At this point, Peter is confused about the phrase “to go out of himself,” because this phrase is also used to describe the Apostle Peter, who, after his miraculous escape from prison, “came to himself” once the angel had left him. Gregory explains that there are two ways in which we can go out of ourselves. We can fall beneath ourselves like the prodigal son by feeding the pigs with “a wandering mind and by impurity.” Likewise, we fall beneath ourselves by falling into mimetic rivalry, as Benedict did when he accepted the ill-advised invitation to be the abbot of a bad community.

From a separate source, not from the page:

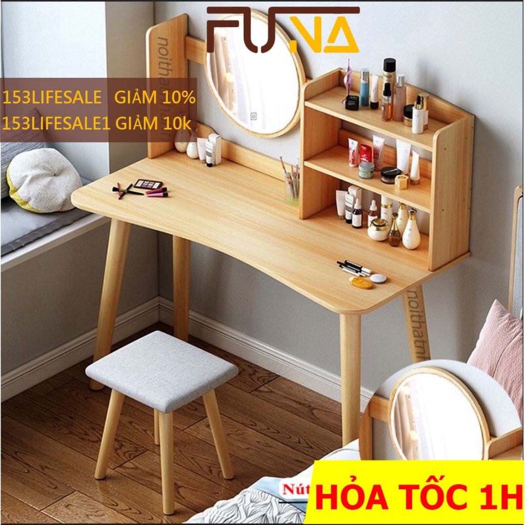 Nhà cửa & Đời sống > Nội thất > Bàn || Bàn Trang Điểm LED FUNA Có Kệ Để Đồ Tiện Lợi Chân Gỗ Tiện To 5cm Cao 73cm Cho Cô Nàng Yêu Phong Cách Bắc Âu - Mã AK01Còn hàng

It is also possible, however, to be raised above ourselves by “the grace of contemplation.” When the Apostle Peter’s soul was put into ecstacy by the angel, he was outside himself “but above himself.” Both the prodigal son and the Apostle Peter returned to themselves, but from opposite directions. “One left the way of error and recollected himself in his heart, the other returned from the summit of contemplation.” Likewise, Benedict himself was raised “towards the heights” by the “ardors of contemplation” when he “left himself beneath himself.” That is, by returning to himself so that he could move out of himself in a good way, Benedict imitated the Apostle Peter.

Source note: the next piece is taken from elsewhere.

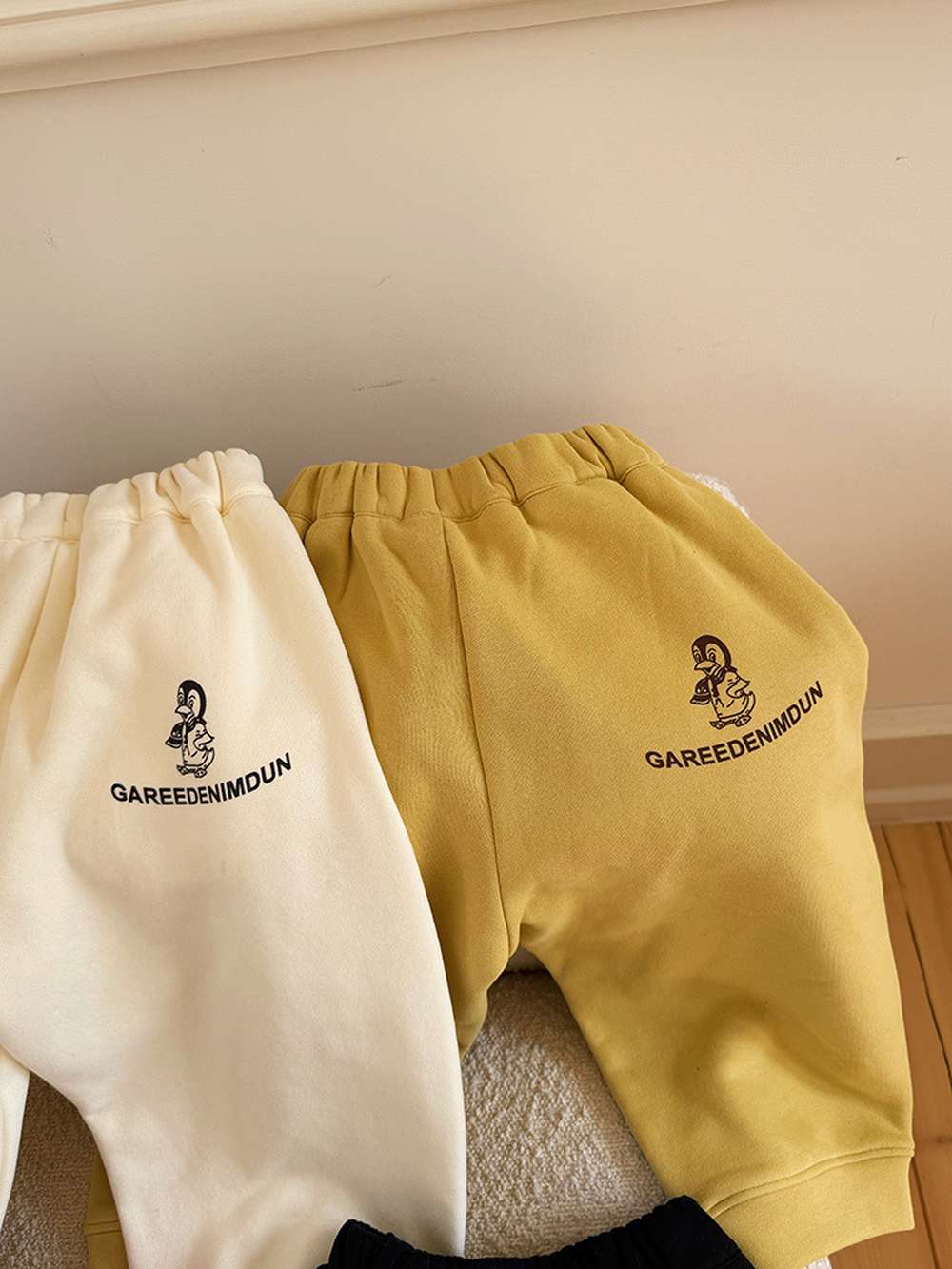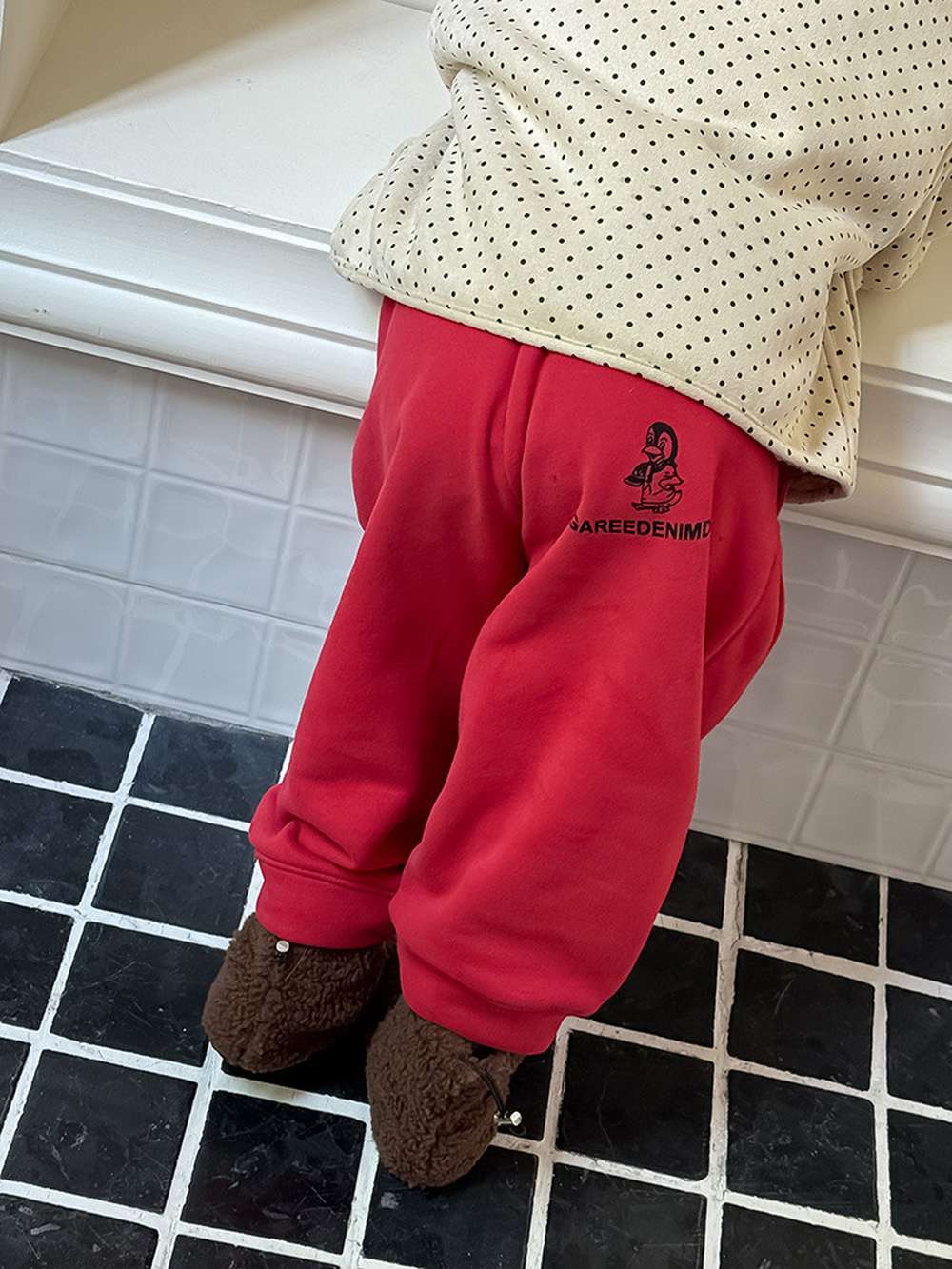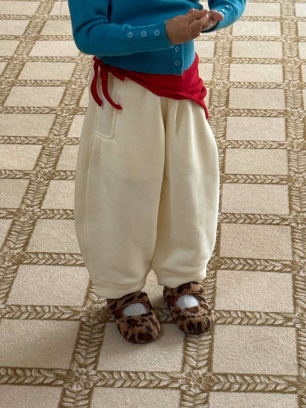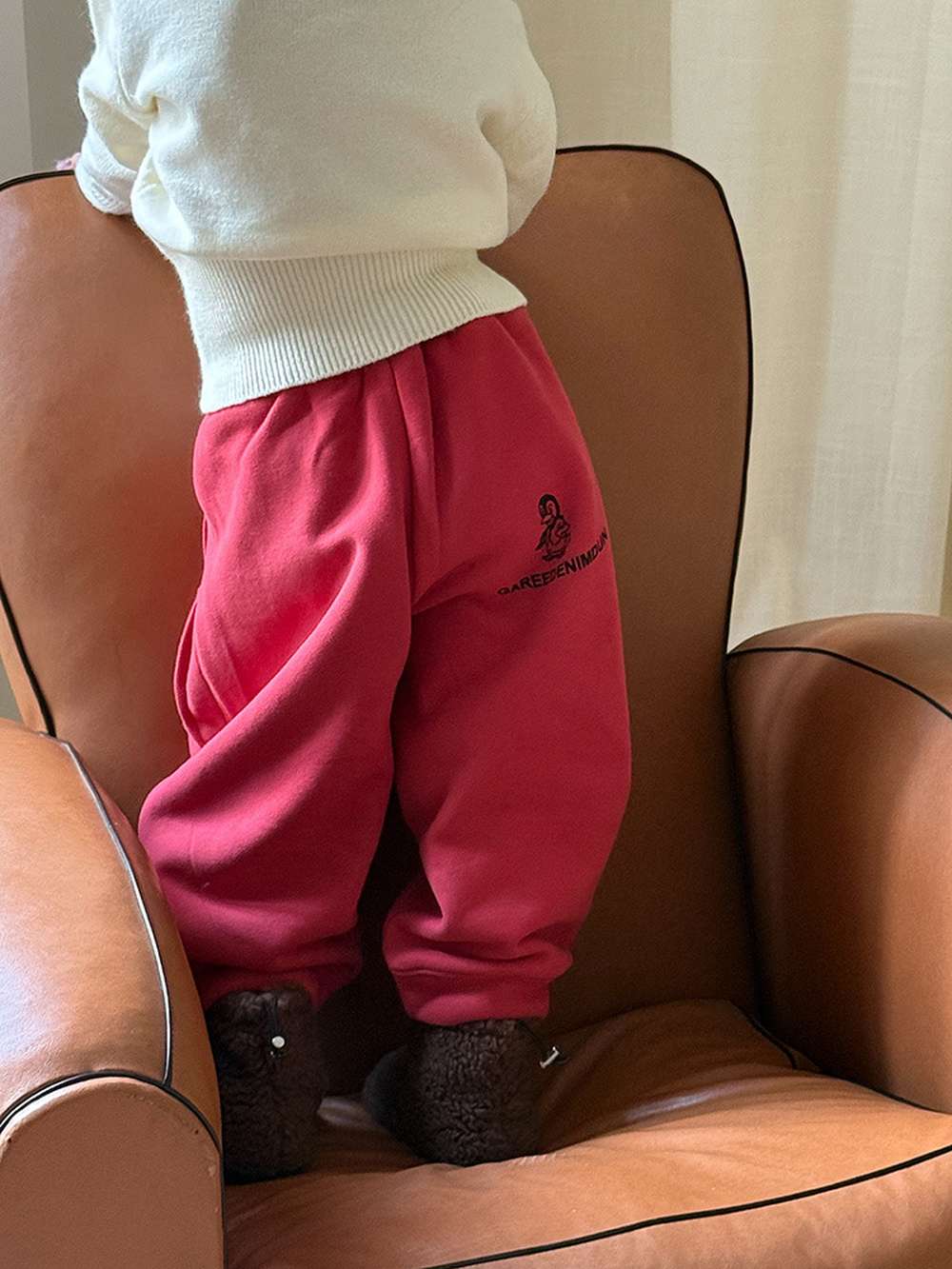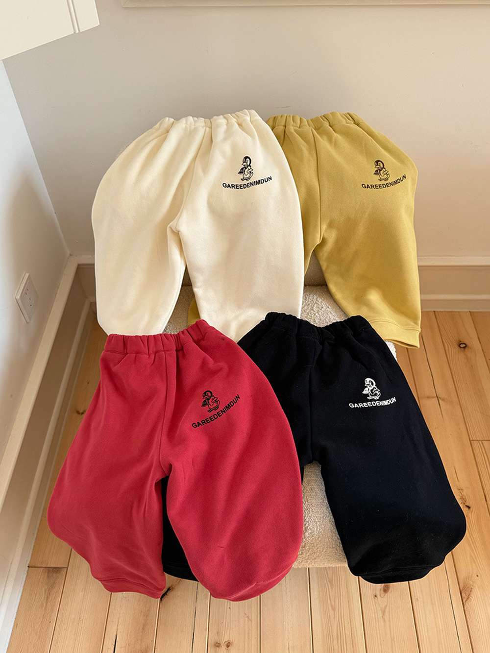 ゆったりとしたバルーンシルエットが魅力的なスウェットパンツは、デイリーに活躍する子ども服のボトムスです。肌触りの良い裏起毛素材を使用しているため、肌寒い日も暖かく快適に過ごせます。プリントされたカートゥーン柄が遊び心を添え、カジュアルながらもおしゃれなキッズスタイルを完成させるゆるワイドパンツです。

In Gregory’s scheme of things, returning to oneself is tantamount to returning to God. If one hasn’t returned to God, one hasn’t really returned to oneself. But by returning to himself, Benedict “looked at himself before the eyes of the Creator.” Benedict’s withdrawal, then, was not an antisocial withdrawal from humanity, but a withdrawal from the mimetic vortex that holds humanity in thrall. One of the important effects of withdrawing to himself in God was that Benedict let go of whatever anger or resentment he might have had with the monks who tried to poison him. Otherwise, he would have remained caught in their mimetic vortex no matter where he was. As it turned out, Benedict’s withdrawal to his solitary cave after the attempted poisoning was not a long one. Gregory goes on to tell Peter that “as soon as he abandoned these incorrigible men in order to live with himself, he was able to revive the spiritual life in a multitude of souls.”

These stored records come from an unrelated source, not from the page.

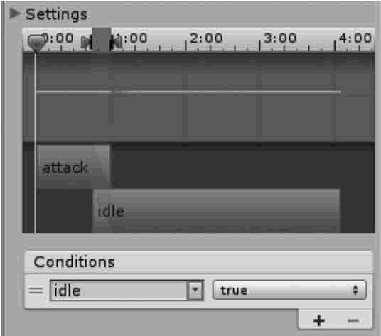 动画状态机之间的箭头标示两个动画之间的连接,右击一个动画状态单元,在快捷菜单中执行 Make Transition 命令创建动画过渡条件,然后单击另一个动画状态单元,完成动画过渡条件的连接。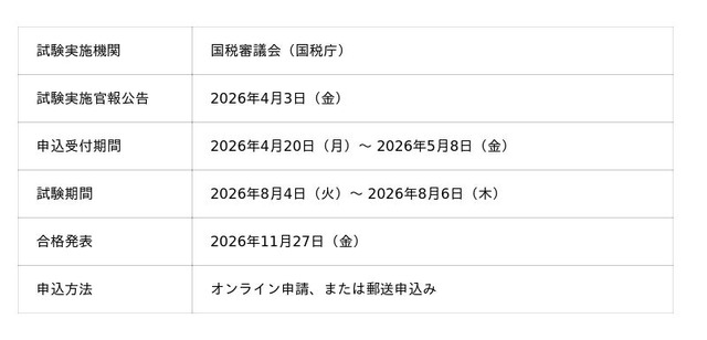 【令和8年度(第76回)税理士試験実施スケジュールについて(予定)】
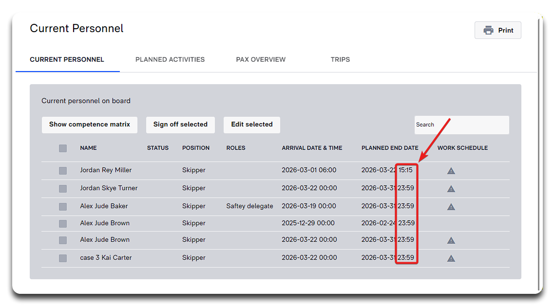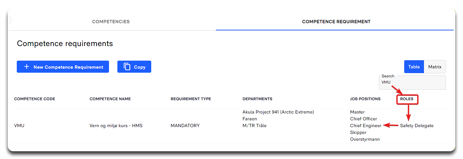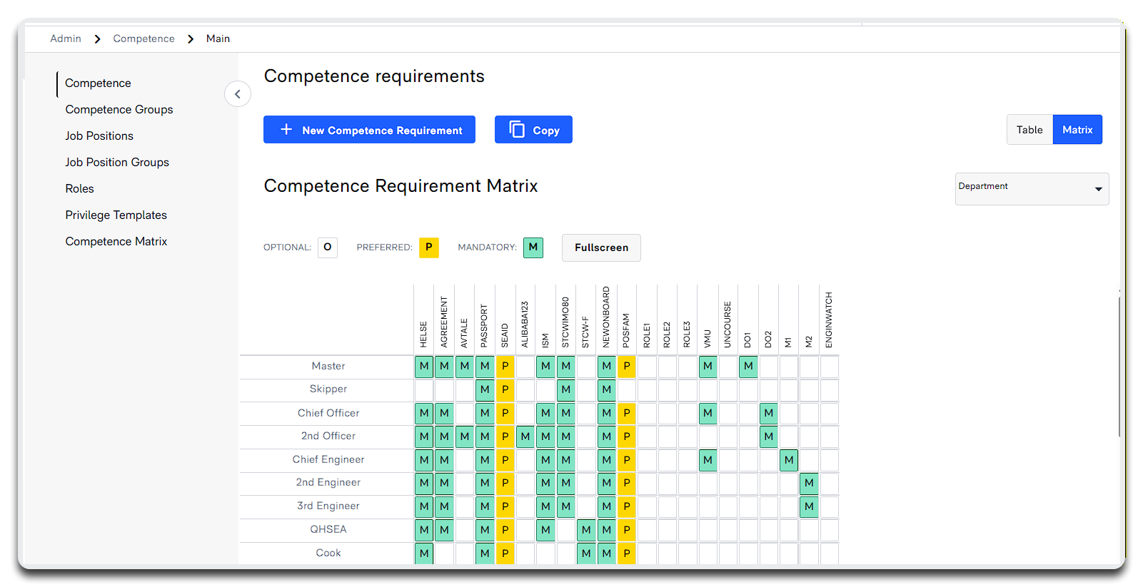 The matrix view provides a significantly better overview, especially for shipping companies with multiple vessels. Managers can choose which department to display in the matrix, making it easier to focus on relevant competence requirements across vessels and departments — a selection that is not available in the list view.

This story shows that there are some human situations that one cannot fix. Maybe another abbot would be able to wean this community from their vices and win them for Christ. Benedict was not that person. Gregory drives home this point, by referring to the Apostle Paul’s need to escape from Damascus because it was not possible to accomplish anything there at that time. If one is not the right person to help another, it is inevitable that attempting to reform that person will become a tug-of-war of mimetic rivalry. Because he was“outside himself,” Benedict could not discern the right approach to these monks. After withdrawing and re-entering himself so as to dwell “within himself,” Benedict learned a more moderate approach embodied in his Rule that would make him the model for abbots. This withdrawal, then, was a preparation for re-entering society in the right way with the ability to model a non-conflictual way of living that drew other people to him.
Benedict’s Middle Maturity as Monastic Leader:
Love and Grief for an Enemy
At Subiaco, Benedict founded a cluster of monasteries where he imitated biblical figures as naturally as he breathed the air. When the leader of one of Benedict’s monasteries complained of a monk who failed to attend the Divine Office, Benedict went to investigate for himself. He immediately saw the demon pulling the monk away from worship. Like Elisha, he prayed that the father would see the demon as well, but it was the monk Maurus who was granted that level of discernment. Benedict promptly set this monk’s priorities straight and that was the end of the matter.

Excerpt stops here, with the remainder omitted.